Fugitive ex-PM says Bangladesh vote risks deepening divide

Fugitive ex-PM says Bangladesh vote risks deepening divide

DHAKA
Fugitive ex-PM says Bangladesh vote risks deepening divide

Bangladesh's fugitive ex-leader Sheikh Hasina warned on Wednesday that holding elections without her party, the first since her overthrow, was "sowing the seeds" of further division in her country.

In written responses to AFP, her first interview since being ousted, Hasina also condemned her crimes against humanity trial as a "jurisprudential joke," adding she believed a guilty verdict was "preordained."

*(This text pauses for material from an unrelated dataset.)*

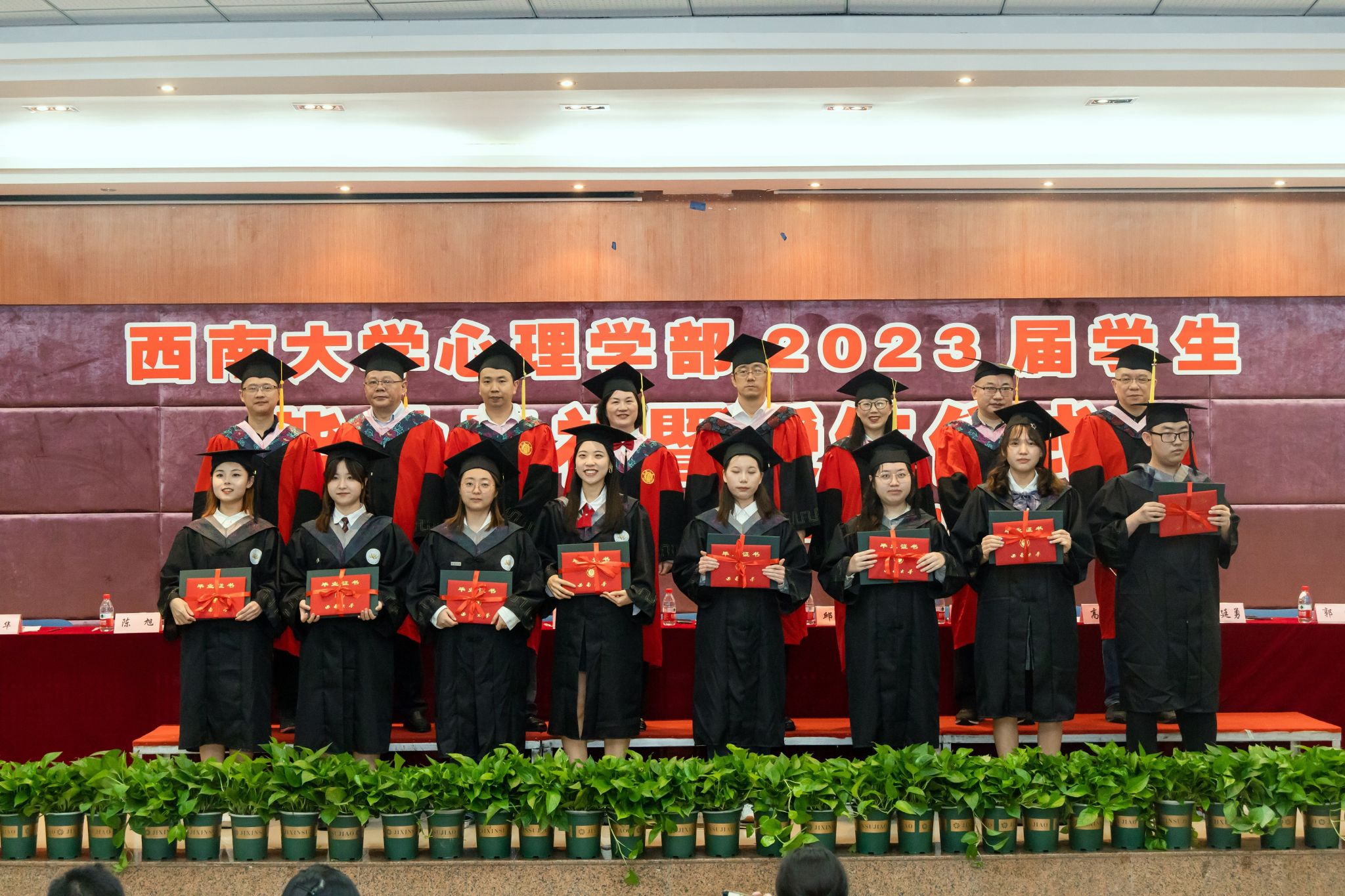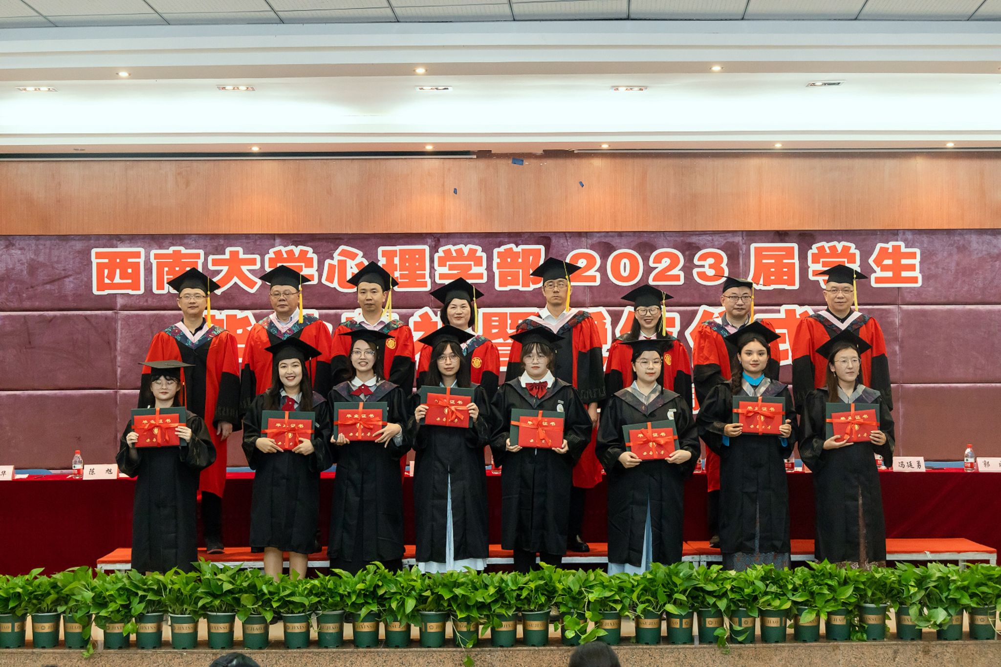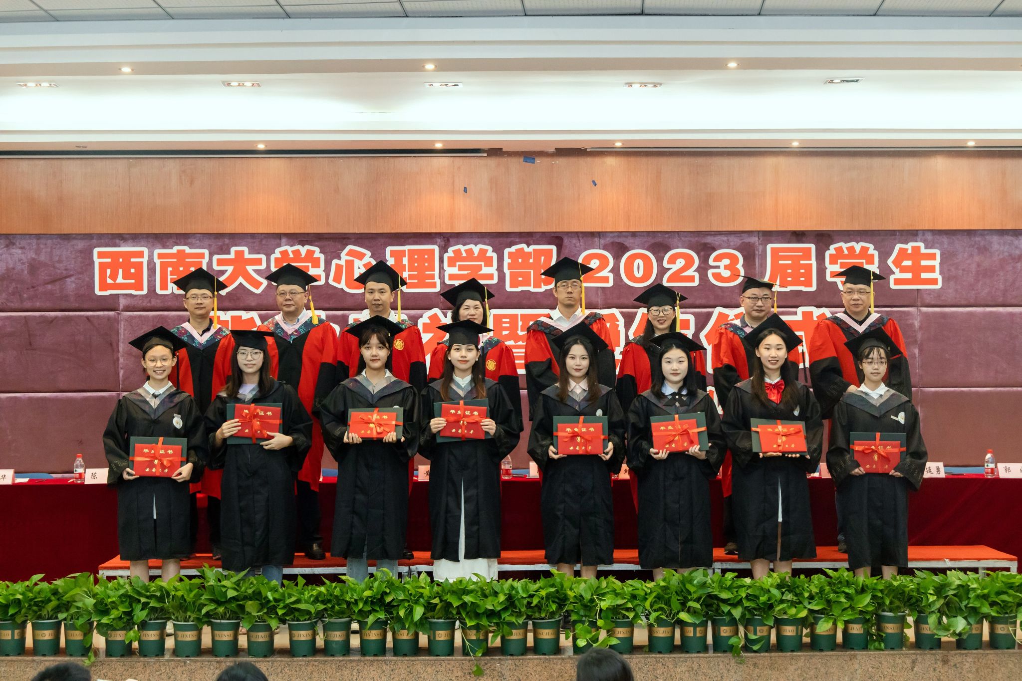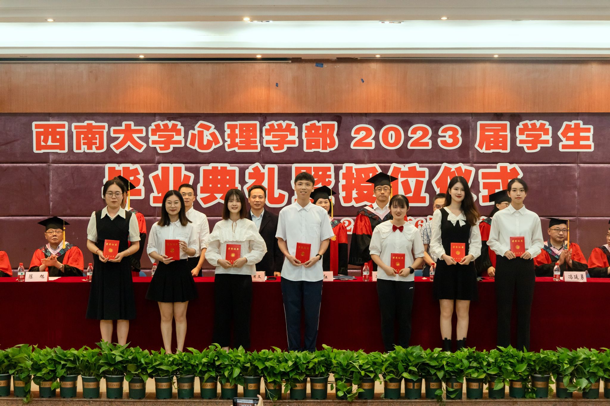 学部学术委员会委员们为学士毕业生颁发双证

Toppled in August 2024 by a student-led uprising that ended her 15-year autocratic rule, Hasina fled by helicopter as crowds stormed her palace.

The U.N. says up to 1,400 people were killed in crackdowns as she tried to cling to power, deaths now at the center of her trial.

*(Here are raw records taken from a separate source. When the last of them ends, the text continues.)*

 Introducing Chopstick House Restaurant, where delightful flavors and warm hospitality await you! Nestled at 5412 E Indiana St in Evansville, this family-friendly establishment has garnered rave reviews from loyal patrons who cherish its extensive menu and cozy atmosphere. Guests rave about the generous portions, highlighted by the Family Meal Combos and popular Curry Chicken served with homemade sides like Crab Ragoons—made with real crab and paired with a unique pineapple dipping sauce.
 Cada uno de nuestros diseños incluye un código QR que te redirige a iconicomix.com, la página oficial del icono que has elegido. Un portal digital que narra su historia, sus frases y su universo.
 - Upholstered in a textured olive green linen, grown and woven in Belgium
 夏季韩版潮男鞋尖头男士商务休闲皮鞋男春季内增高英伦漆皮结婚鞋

The 78-year-old former prime minister has been in hiding ever since, hosted by old ally India.

But she remains defiant, and, in comments likely to enrage the many who say she made a ruthless bid to maintain power at all costs, she said she "mourned all the lives lost during the terrible days" when students were gunned down in the streets.

She warned that the ban on her Awami League by the interim government of Nobel laureate Muhammad Yunus was deepening a political crisis in the country of 170 million people, ahead of elections slated for February 2026.

"Elections without the direct participation of all major parties, including the Awami League, cannot be credible," she said.

"Without the participation of the Awami League, he is sowing the seeds of future division in the country," she added.

"Yunus must reinstate the Awami League to give Bangladeshis the choice they deserve."